El corregidor argumentó que, empezando el muelle de Ceuta, se impediría y atrasaría el que se construía por entonces en Gibraltar, pero que apoyaba la actuación de los ingenieros en localizar el lugar más a propósito para el muelle ceutí y levantar asimismo sus plantas. Todo ello se inició el viernes 10 de marzo de 1624. En los días 9 y 10 de mayo de dicho año, reconoció el secretario, Pedro de Arce, la bahía de Ceuta y la Almina en compañía del capitán Jerónimo Fernández de Soto, Juan de Oviedo, Agustín Tranqui y Andrea Castoria, todos ellos ingenieros, y de Diego Avendaño y su hermano Juan, pilotos y vecinos de Gibraltar, junto a Antonio Vacerrado y Francisco Agudo, también pilotos y vecinos de Ceuta.

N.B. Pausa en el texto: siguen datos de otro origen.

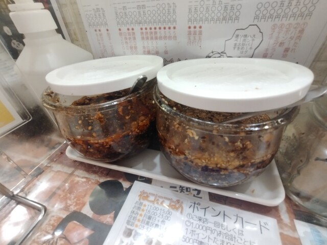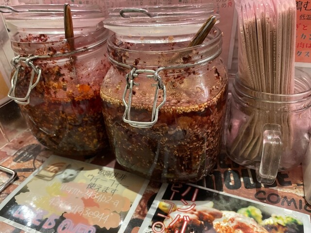 ★大盛無料で自家製食べる辣油、食べる醤油もあります。
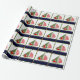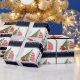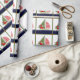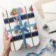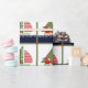Embalagem criativa de presentes de férias à vela com Papais noeis em um veleiro. Para personalizar editar texto para adicionar nome.

Al ingeniero Juan de Oviedo le vimos actuar en 1604 en Sevilla, junto a Jerónimo de Soto. Como maestro mayor de obras, trazó una nueva planta de las fortificaciones de Cádiz en 1617, y cuatro años más tarde realizó también un plano de la ciudad de Almería. Su buen hacer le llevó a formar parte, en 1624, del equipo que acometió la construcción del puerto ceutí. Para ello, se exploró toda la bahía que miraba al Estrecho y la Almina, tanto por mar como por tierra, así como la playa que miraba a Tetuán, observando atentamente todos los desembarcaderos y surgideros existentes. Se consideró que el lugar más a propósito tuviese que cumplir el que fuese limpio el surgidero, que estuviese lo más a mano posible para poder salir al Estrecho, que quedase resguardado del máximo de vientos, que tuviese comodidades en cuanto al aprovisionamiento de piedra y agua; y que una vez realizado el muelle, quedase anchura suficiente para poder entrar y salir los navíos.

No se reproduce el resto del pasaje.